Our research in spintronics is aimed at understanding the basic steps needed for spin-based information storage and processing. In spintronics devices, the spin degree of freedom provides functionality in addition to the charge of the electron. We are constructing devices made from ferromagnetic metals combined with semiconductors and are investigating the injection of spin-polarized charges, as well as the transport, manipulation and detection of spin. In addition, the aspect of spin coherence is investigated for possible quantum information processing devices.

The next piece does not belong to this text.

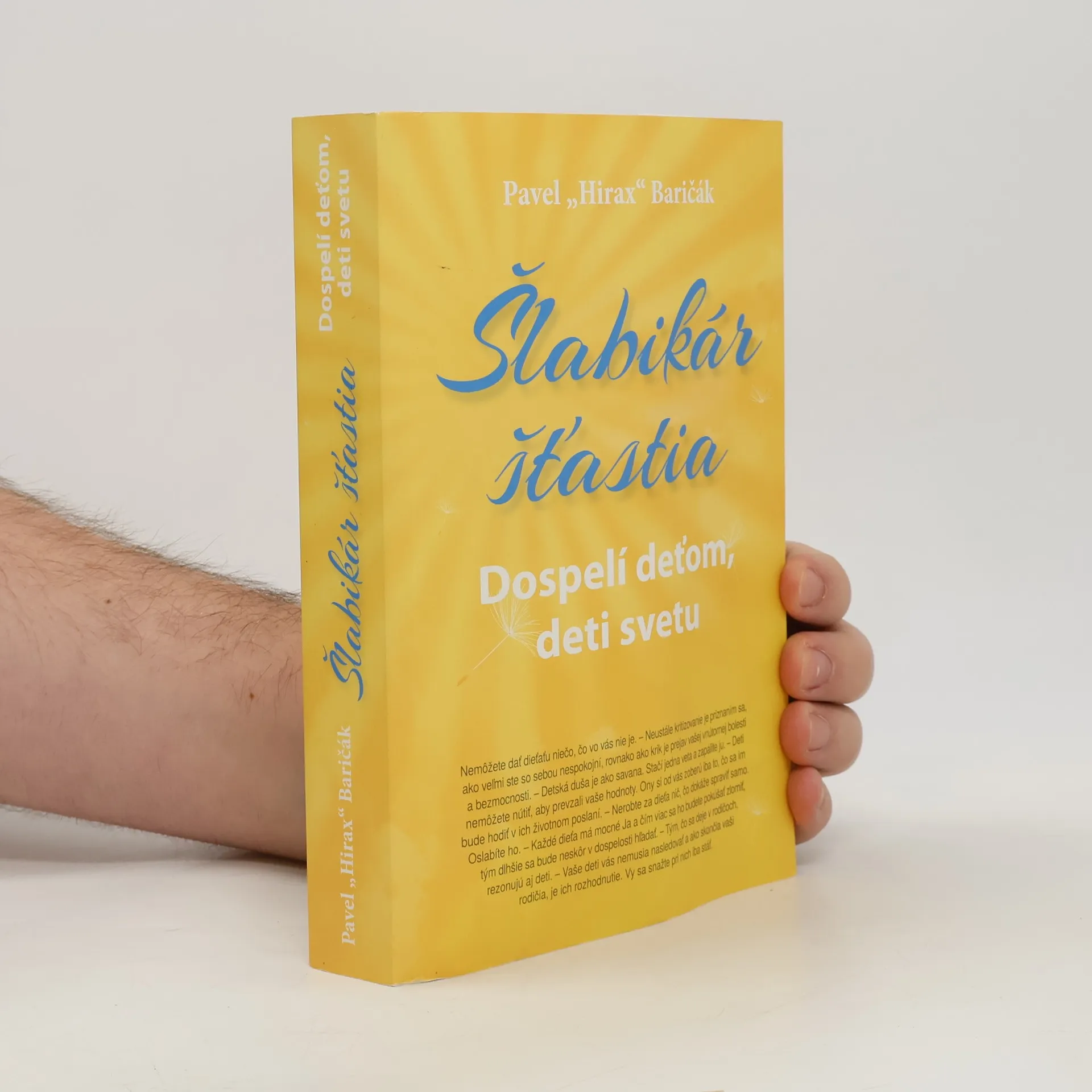 Tretí diel Šlabikára šťastia nie je určený iba pre rodičov, ktorí hľadajú spôsob, akou formou dať svojim potomkom to najlepšie, ale aj pre duše, ktoré chcú pochopiť, prečo sú v nich strachy, konajú ako konajú, či sa im v niečom nedarí. Kľúč k bôľom dneška sa totiž nachádza v detstve, v spôsobe, ako k nám bolo pristupované, čo sme videli, cítili a zažili od momentu splodenia až po dospievanie.

Our devices are made of inorganic semiconductors, semiconductor quantum structures, and organic materials. Planar and layered structures are fabricated and measured using in-plane transport as well as tunneling across heterostructures.

Spin injection

Spin injection from a ferromagnetic metal into a semiconductor can be achieved by electrical transport across a tunneling barrier or a Schottky contact. The role of a tunneling barrier is twofold.

1. It serves as a buffer layer and hence prevents chemical reactions between metal and semiconductor layers.

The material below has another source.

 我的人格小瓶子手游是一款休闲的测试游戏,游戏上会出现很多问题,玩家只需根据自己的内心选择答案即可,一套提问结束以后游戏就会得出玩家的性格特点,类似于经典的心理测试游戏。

2. It provides a means to match energy levels for efficient spin-injection efficiency.

Studies of spin-injection from the ferromagnetic tip of a scanning tunneling microscope allows us to spatially and energetically resolve the injection efficiency. An alternative approach to spin injection is to use optical selection rules, which relate the helicity of photons with the spin-orientation of conductance-band electrons.


For device operation, spin has to be transported between two contacts without losing its polarization. With this respect, the coherence time and the related spin coherence length are relevant.

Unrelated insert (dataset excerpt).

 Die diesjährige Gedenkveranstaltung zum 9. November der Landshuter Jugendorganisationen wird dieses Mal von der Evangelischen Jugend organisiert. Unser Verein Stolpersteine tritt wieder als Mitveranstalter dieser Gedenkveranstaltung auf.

Typically, spin is manipulated by exposing it to a magnetic field. Magnetic fields can be generated and controlled externally or in the device itself in the form of an effective magnetic field originating from hyperfine interaction with polarized nuclei, effective g-factors or spin-orbit interaction (Dresselhaus and Rashba fields).


Various techniques are used to detect spin-polarized charge carriers. Owing to optical selection rules, the electroluminescence is polarized according to the spin-polarization of the recombining charges. Kerr and Faraday rotation measurements on semiconductors allow detecting spin polarization with sub-picosecond time resolution. Ultimately, device operation has to rely on electrical detection of spin polarization using spin-filtering at the interface to a ferromagnetic metal.